Correct voltages are critical, therefore, as an electronics technician myself, I sure would NOT ignore it!!!!
Typically software monitoring, BTW, "IS" very accurate. All the software does is read a hexadecimal number provided by the sensor. It is just like you or me reading 60mph on a speedometer. Unless we are blind, we can assume we are accurately "seeing" 60mph on the speedometer. But are we really going 60mph? Don't know. What does the police's "calibrated" radar gun say?
Typically the issue is the sensors. These computer voltage sensors are very low cost (a couple pennies, if that), and very low-tech devices.
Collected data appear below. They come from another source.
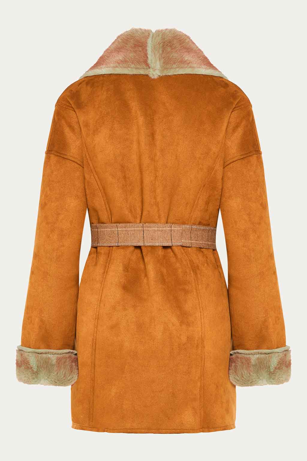Edgar coat — παλτό σε υφή σουέτ με γιακά/επένδυση από συνθετική γούνα, ζεστό και κομψό για standout χειμερινά looks.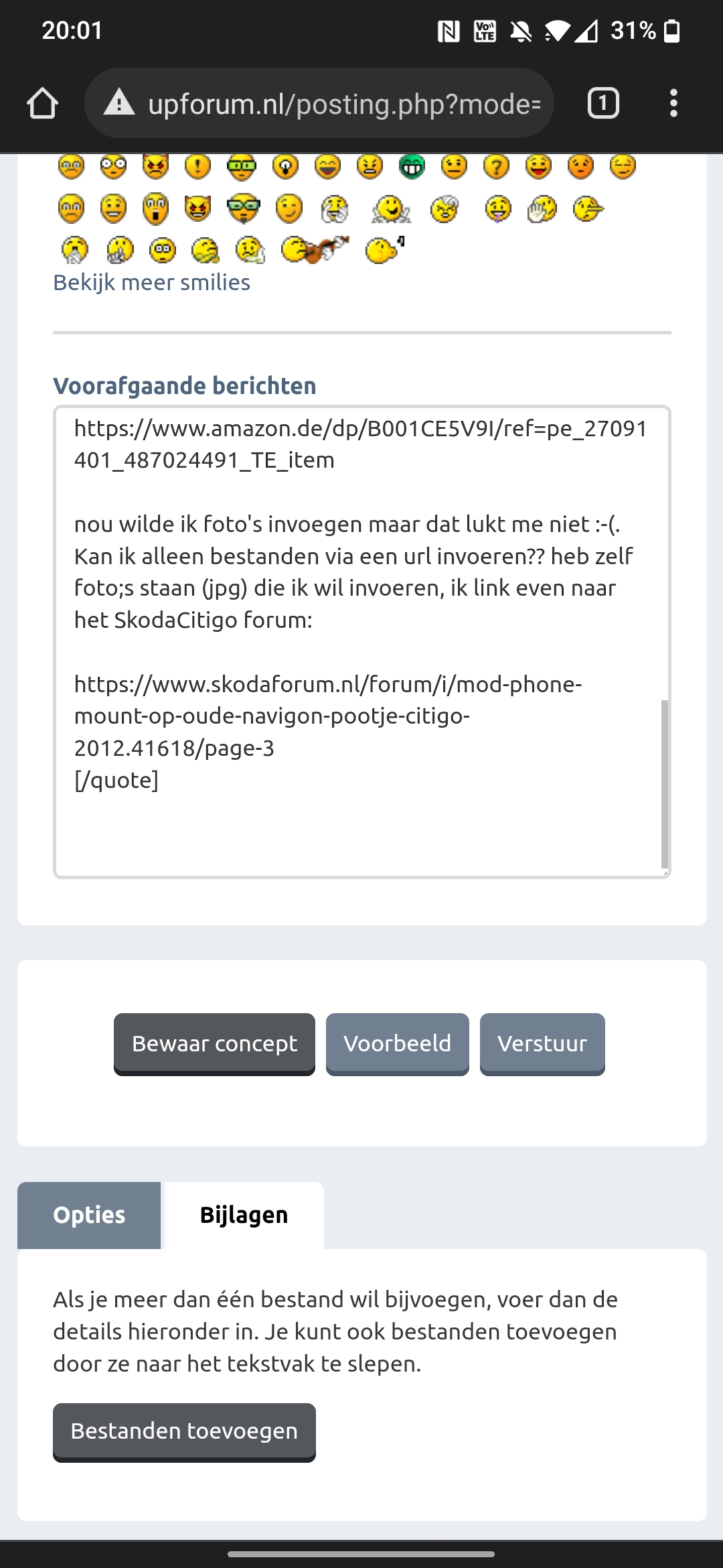 nou wilde ik foto's invoegen maar dat lukt me niet :-(. Kan ik alleen bestanden via een url invoeren?? heb zelf foto;s staan (jpg) die ik wil invoeren, ik link even naar het SkodaCitigo forum: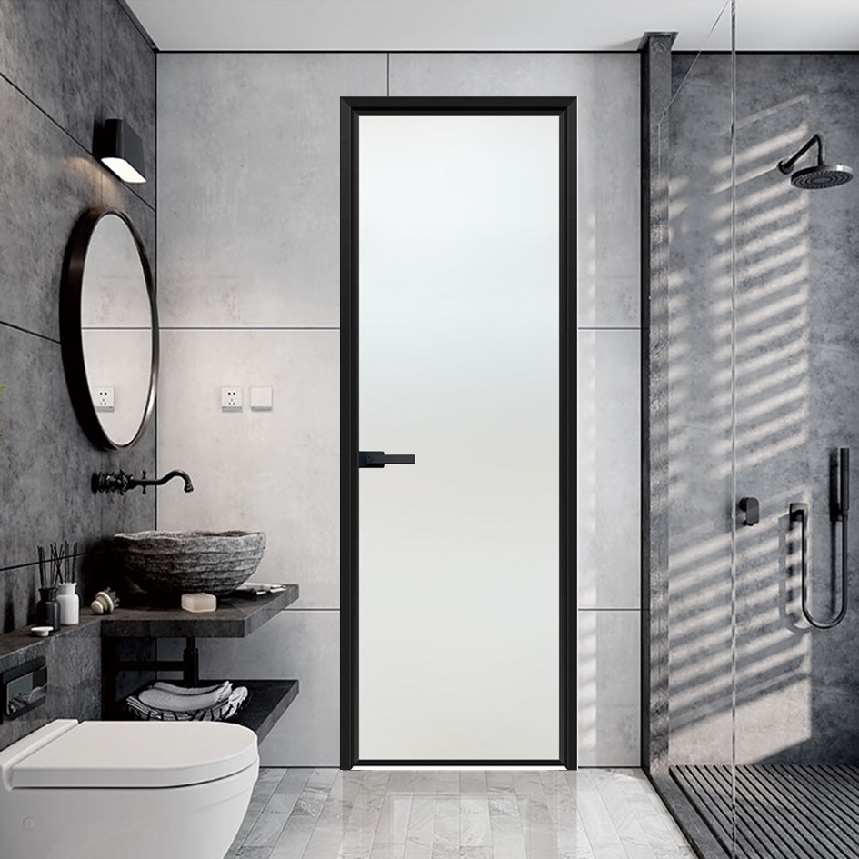 Interior Aluminum Alloy Bathroom Glass Door with Horizontal Opening Design

Is the sensor accurately reading the actual voltage? We don't know unless we put a known-to-be-accurate voltmeter on test points.
My concern is this. Typically, when there is a bad sensor, only one of the voltage readings is way off. But all 3 of yours are. That is not right.
Typically, I would suggest you try a different HW monitoring program but you already said you tried HWiNFO and it too indicated high voltages. I find that even MORE alarming!
You
really need to verify your PSU is outputting voltages properly.
You can do this with a simple multimeter using one of your PSU's spare power connectors for test points.
According to the ATX 2.x Form Factor standard, PSUs must maintain voltage tolerances within ±5% of required specifications.
Acceptable tolerance maximums:
12VDC ±5% = 11.4 to 12.6VDC
5VDC ±5% = 4.75 to 5.25VDC
3.3VDC ±5% = 3.14 to 3.47VDC
Note: For very new ATX 3.x compliant PSUs, the allowed tolerance for the +12VDC output is -7% to +5% which equals 11.16 to 12.6V.
If you don't have a multimeter, a good
PSU Tester, one that displays the actual voltages will do - at least in your case. While not conclusive (because it only has a small internal "dummy" load and, like most multimeters, does not test for excessive
ripple and other anomalies that affect computer stability), it will still verify if those voltages are in the ballpark, or way off.
HOWEVER, because everything inside the computer relies on good clean stable power, I personally would not take any chances. I would swap in a known good PSU, then see what the voltages say. And that is what I recommend you do.